Illustrationshoah20 octobre de 14h-17h
21 octobre de 9h-17h
Journées d’étude

L’édition et la publication de « matériaux » et de « documents » tient une grande place dans la première historiographie de la Shoah, dominée par l’activité des centres de documentation et commissions historiques créées au lendemain de la guerre. Si ces institutions et les parcours des « survivor historians » commencent d’être bien connus, si les conceptions historiographiques de ces derniers font l’objet d’une relecture attentive, les opérations historiographiques concrètes, la manière de produire de la « documentation » pour faire histoire, d’articuler « documents » et commentaires, de disposer des traces dans une écriture et de les donner à voir, demeurent peu étudiées.

Il ne s’agit pas que d’une simple cuisine historiographique : les « documents » constituaient une ressource fondamentale pour ces historiens qui avaient, pour certains, un lien biographique avec la documentation qu’ils utilisaient et publiaient (parce qu’ils avaient contribué à la sauver, à la collecter, à la conserver) et on sait combien la maîtrise de la documentation put constituer un enjeu institutionnel et politique majeur dans l’après-guerre. Par ailleurs, ces « documents » ne sont pas des écrits stables : comme pour les individus, on peut reconstituer leurs itinéraires, depuis les contextes de leur production jusqu’aux époques de leurs publications, souvent plurielles. Dans ces itinéraires d’écrits, les questions d’auctorialité (qui est l’auteur du témoignage constitué en document ?), de la frontière entre « document » produit pendant la guerre et « témoignage » des lendemains, se trouvent souvent considérablement complexifiées.

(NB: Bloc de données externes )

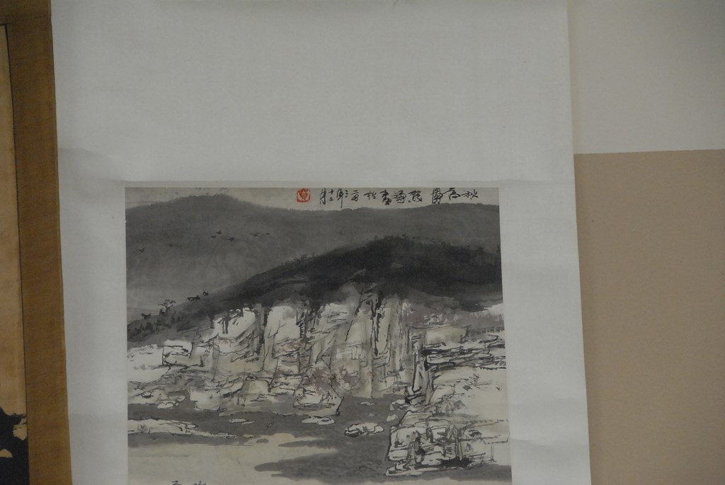 Lot 612: Two Oriental scrolls: One of characters. 37 x 19 One of landscape. 13 1/2 x 13 1/2
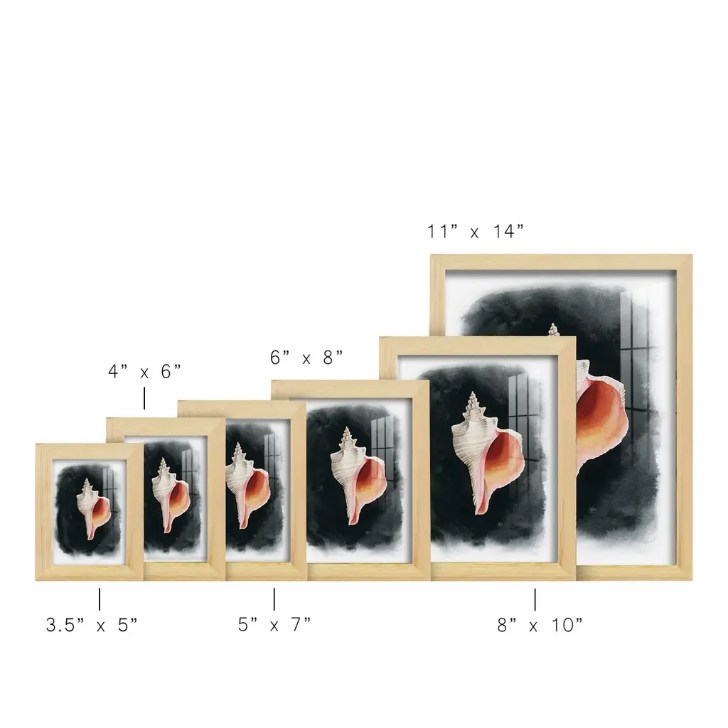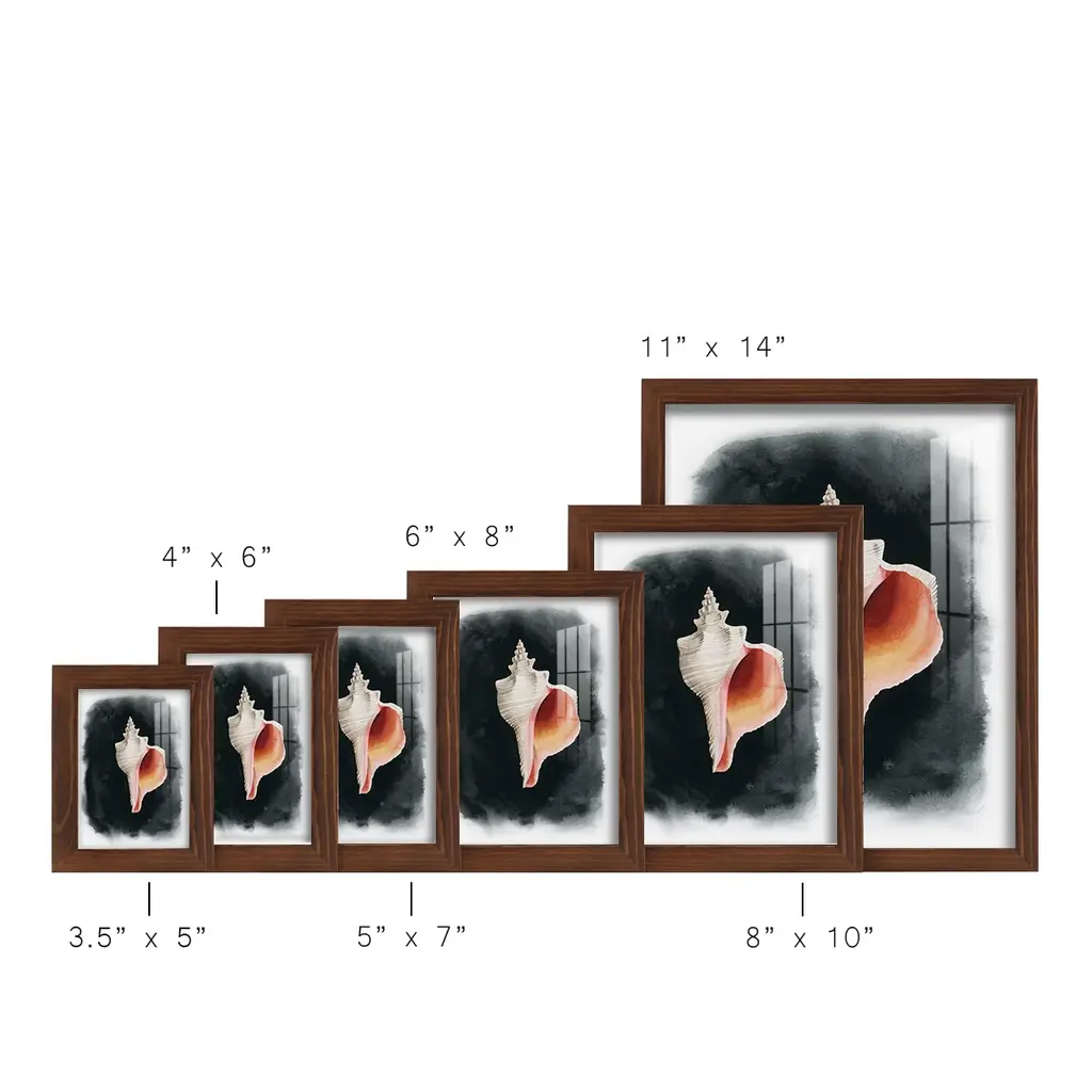 Conch on Black II -EZ SWITCH Framed Print w/glass-Cherry Red A delightful, framed print. Featuring a solid wood frame with real wood glass. This premium print is giclee quality. In addition, every frame features a removable back and table top stand. This allows you to change your art in the future or to just stand the art on a table for a new look. We are sure you'll enjoy our new series of EZ SWITCH Framed Art. Solid Wood Frame Real Glass Removable / Replaceable Art Built in Tabletop Stand Sizes range from 4x6 up to 12x15 - buy just one or pair them up as sets as you see fit.

On cherchera à rendre compte de cette complexité, qui a pu conduire souvent les historiens des générations suivantes à se tenir à distance de ces corpus de « recueils de documents » qui ne répondaient pas à leurs attentes historiographiques, tant ces recueils semblaient curieusement assemblés, insuffisamment référencés, trop « littéraires », marqués par des questionnements historiographiques problématiques ou erronés, surdéterminés par les luttes politiques de la guerre froide, ou par des logiques de vengeance ou de piété.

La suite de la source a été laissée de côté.